Я пел, а Виллатале, женщина Битта, слегка качала головой — вероятно, в знак восхищения. На лице Мталбы читалось то же чувство. Женщины хлопали в ладоши, а мужчины свистели с пальцами во рту.
— Отличное исполнение, сэр, — молвил Итело.
Один лишь Ромилайу — плотный, коренастый, весь в морщинах — казался недовольным, но это было его обычное выражение.
— Грун ту молани, — молвила королева.
— Что это значит? Что она сказала?
— Она говорит, вы любите жизнь. Грун ту молани. Жажда жизни.
— Да, да, о да! Молани. Точно — я молани! Как она догадалась? Господь вознаградит её за эти слова. Я сам её вознагражу. Взорву к чертям этих мерзких лягушек, чтобы полетели вверх тормашками до самого неба! Они у меня пожалеют, что спустились с гор и напали на это благословенное селение. Молани! Я жажду жизни не только для себя, но и для других людей. Не смог вынести того, что мир полон скорби, вот и пустился в путь. Грун ту молани, госпожа королева. Грун ту молани — всем вам. — Я приподнял шлем, салютуя членам монаршего рода и придворным. — Грун ту молани. Господь не играет в кости нашими душами, а посему — грун ту молани!
Все заулыбались. Мталба не разомкнула щербатого рта, но всем своим видом выражала восторг и прямо-таки таяла под моим взглядом.
ГЛАВА 8
Я принадлежу к известному роду, на который на протяжении ста с лишним лет сыпались насмешки и проклятия современников. Так что, когда я крушил бутылки на берегу вечных вод, люди вспоминали не только моих великих предков, послов и государственных деятелей, но и психов. Один принял участие в Боксёрском восстании[4], потому что возомнил себя восточным человеком. Другой выбросил 300 000 долларов на итальянскую актрису. Третьего унесло на воздушном шаре, когда он пропагандировал движение суфражисток[5]. В нашем роду было полно скоропалительных, необдуманных браков. В предыдущем поколении один из Хендерсонов получил медаль «Корона Италии» за спасательные работы после землетрясения в Мессине, на Сицилии. Он гнил заживо в Риме, где от нечего делать въезжал во дворец верхом на коне прямо из своей спальни. Узнав о землетрясении, он первым же поездом рванул в Мессину и провёл две недели практически без сна, разгребая развалины и извлекая оттуда целые семьи. Это говорит о том, что в роду царил дух служения человечеству, хотя порой он и выливался в ненормальные поступки.

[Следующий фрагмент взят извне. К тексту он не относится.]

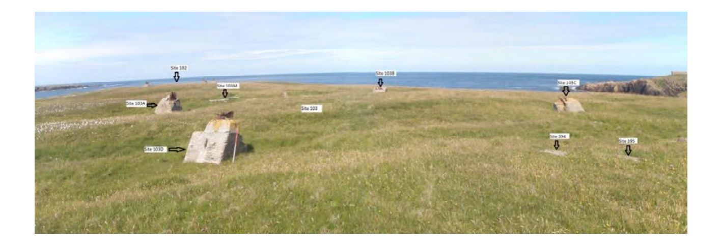
Plate 86: North-east facing view of a mast base (centred Site 103)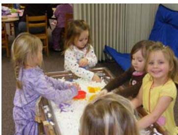
Kids are having fun at Pajama Day.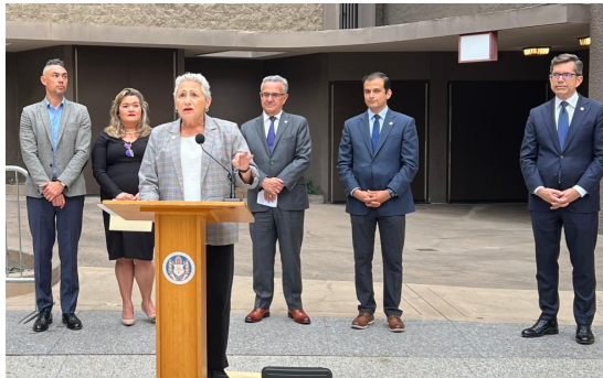
City Council Budget Press Conference at the Civic Center Plaza.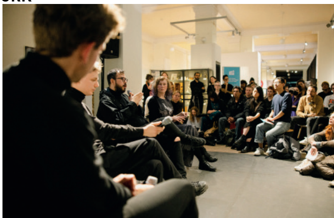
ENGAGE WITH SCIENTISTS, JOURNALISTS, NEW TALENTS, AND THE BROADER PUBLIC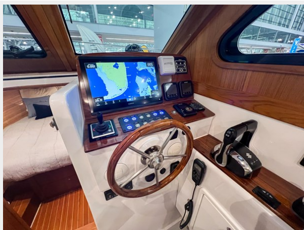
True North 34 Helm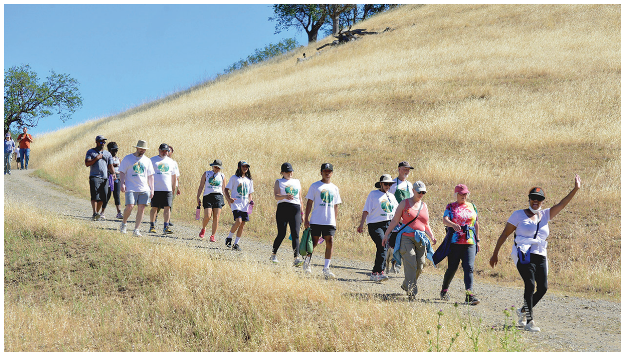
The May 14 Hike for Hope fundraiser at Del Valle Regional Park broke both attendance and fundraising records this year, raising over $180,000 for Hope Hospice patient care.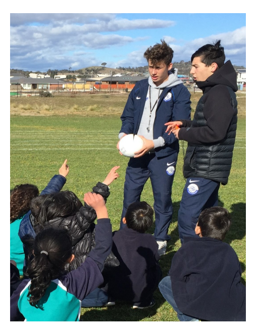
Sports Coaching & Management

Students study the roles and responsibilities of coaches and the range of coaching styles. Students become familiar with code of ethics, coaching accreditation, stages of learning, game and technique centred approach, skill development, planned coaching, activity modifications and communicating with participants.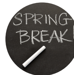
3/24 - NO DROP IN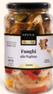
Funghi alla Pugliese "Apulian taste" Mushrooms CODE: VCO314 - 520 g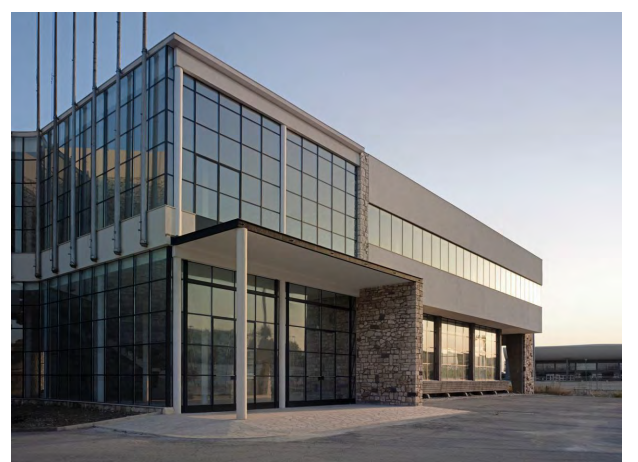
Fig.01 – View of the main facade (Alberto Muciaccia 2016)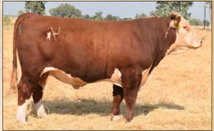
LAMBERT GAMBLER 17L

• Smoothly built heifer bull, traditionally marked and super complete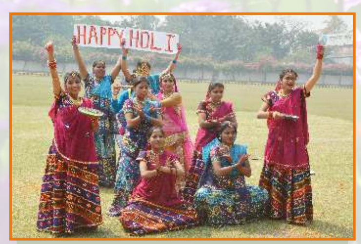
Holi Dance Competition (19<sup>th</sup> March, 2016)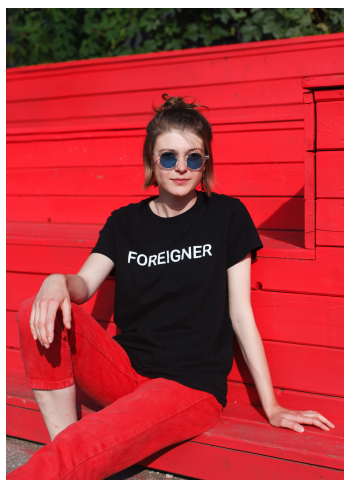
Portrait, courtesy of the Author (phot. _s_e_e_e_n).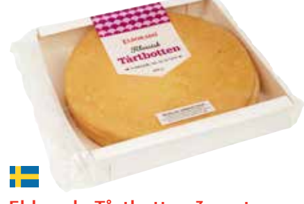
Eldorado Tårtbotten 3-part Sponge cake layers 10 x 330g 7747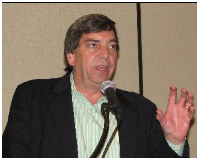
Family Farm Alliance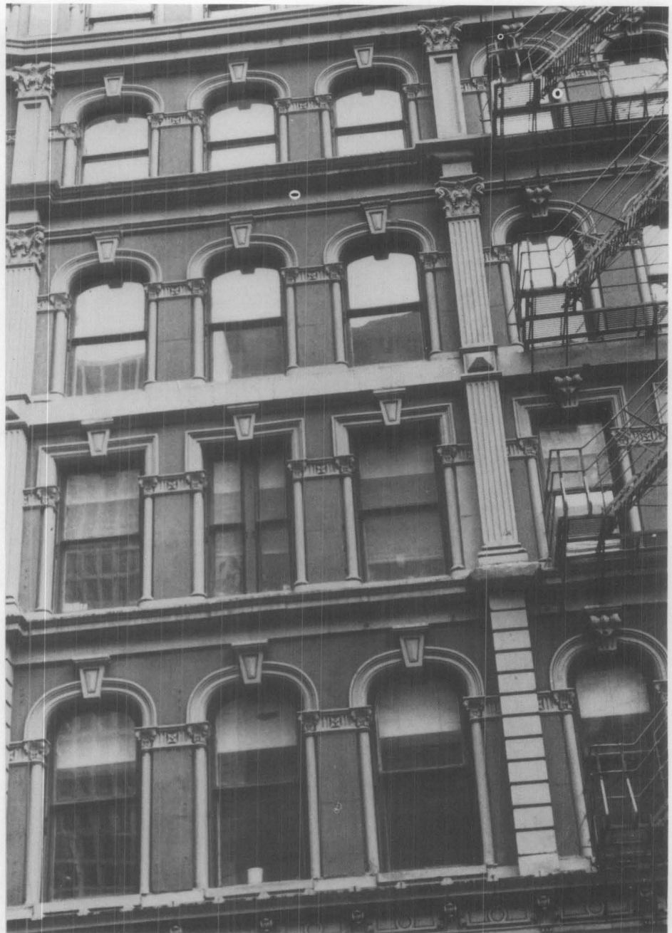
Figure 4. View of the windows on floors 3 thru 6 shows that the technique used for creating sealed insulating glass units in the existing wooden sash had no noticeable impact on the historic appearance of the windows as seen from the street below.

Attractive cost savings over all new sealed units can be realized with this retrofit system, particularly when dealing with arched top sash or windows that vary in size. There are though certain obvious limitations. Where the interior moldings around the inside edges of the rails and stiles are decorative, the manner in which the additional sheet of glass is installed would obscure such detailing. With multipane sash with typical muntin sizes, the encroachment onto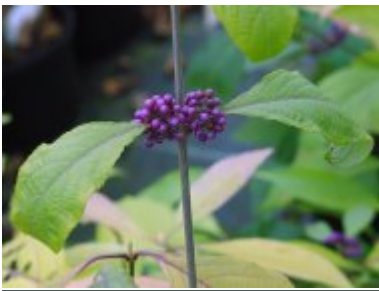
C. bodinieri var. giraldii 'Profusion'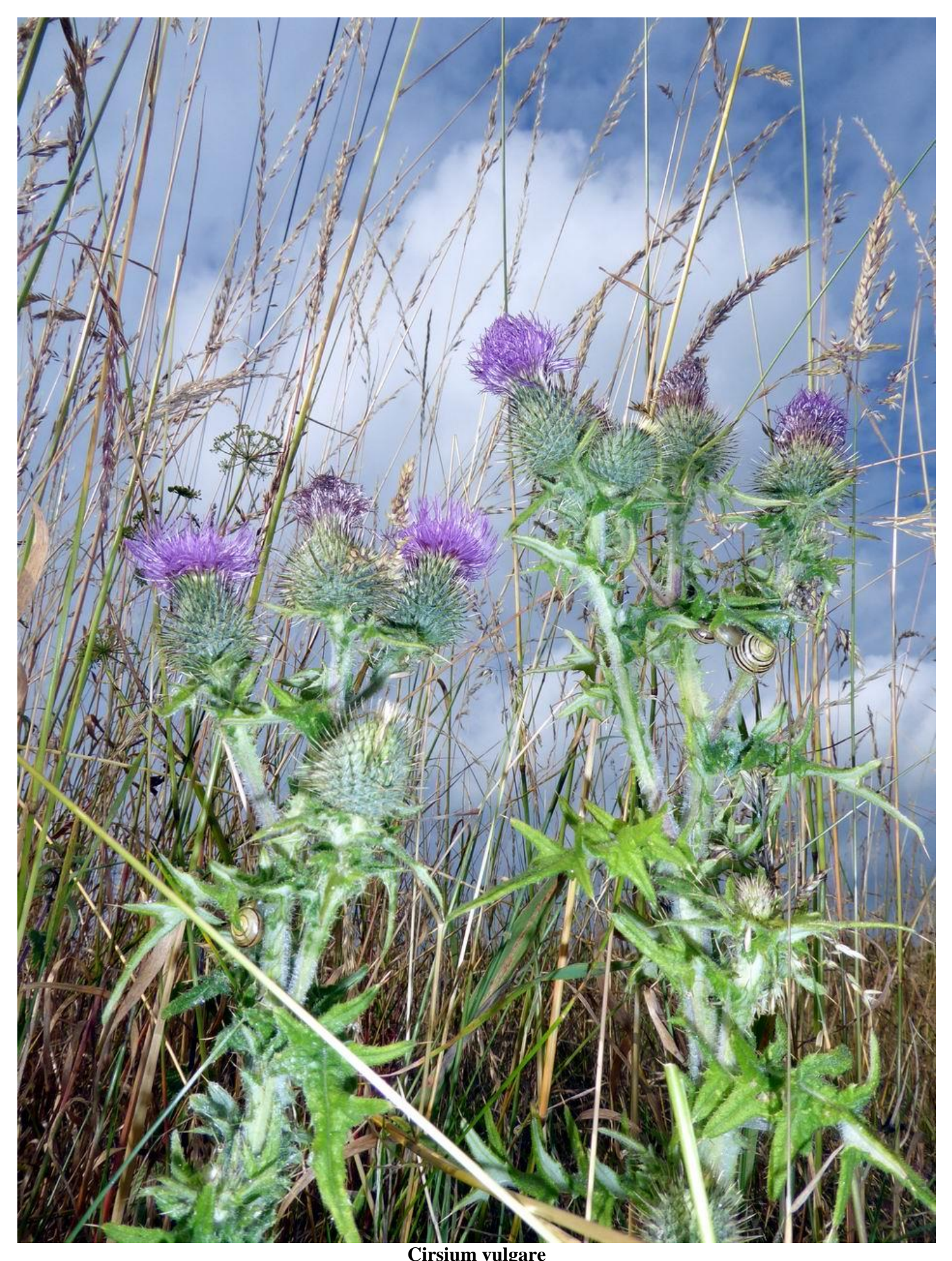
Cirsium vulgare I wanted to capture this emblem of Scotland in a more dramatic way than in the two previous pictures – here is my effort captured using my compact camera showing the thistle with banded snails, grasses and looming clouds.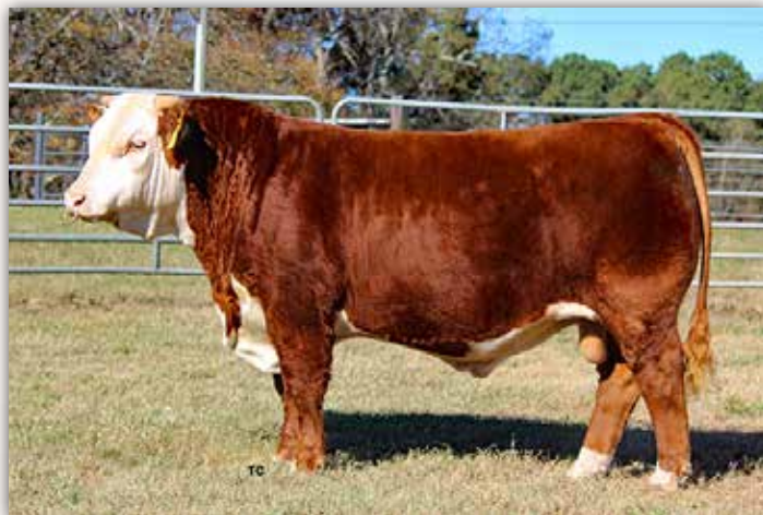
WHR 290E B901 BEEFMAKER 250GET

The Beefmaker sire group will certainly catch your eye in this year's sale. 250G is a proven herd sire that adds performance and carcass to every calf. While judging the National Pen Show in Oklahoma City, this bull walked into the ring and I knew we had to own him. He leads the Hereford breed in 10 traits and has as much style, power and eye-appeal as any bull walking. His offspring are direct replicas of what we hoped he would produce and his genetics are certain to work in any program in the country. Owned with Stuber Herefords, ND. 4 sons sell.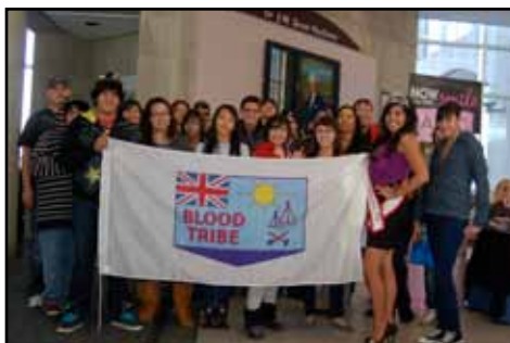
Youth from the Blood Tribe proudly stand by their flag.

The conference continues to offer opportunities for youth to share their talents with others attending the conference. There were groups from the Kainai High, Cardston High, Catholic Central and Fort Macleod high schools.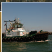
15 Green works for Alaska-Washington trade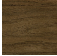
Walnut Natural - WAL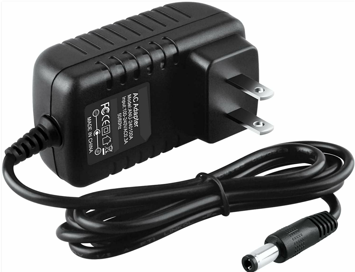
Image 3: Marg 9VDC 1A AC Adapter showing the US plug. This image highlights the compact design of the adapter, featuring the two-prong US-style plug.

Simply connect the adapter as described in the "Setup" section. The adapter will automatically provide power to your device when plugged into a live outlet.

Говорят, я на него похож. У нас одна и та же окружность шеи — двадцать два дюйма. В подтверждение можно привести эпизод времён моей службы в Италии, когда я один удерживал заминированный мост, не давая ему взлететь на воздух до прибытия сапёров. Но это как бы выполнение воинского долга. Более убедительный пример: моё поведение в больнице, когда я лежал со сломанной ногой и почти все время пропадал в детском отделении, развлекая и подбадривая детвору. Я прыгал на костылях, в больничном халате, забывая завязать тесёмки на спине, так что сзади все было видно. Пожилые нянечки норовили прикрыть мой срам, но за мной было не так-то легко угнаться.
И вот мы очутились в африканской глуши — глуше некуда, — где хорошие люди страдали от нашествия лягушек. Естественно, я горел желанием им помочь.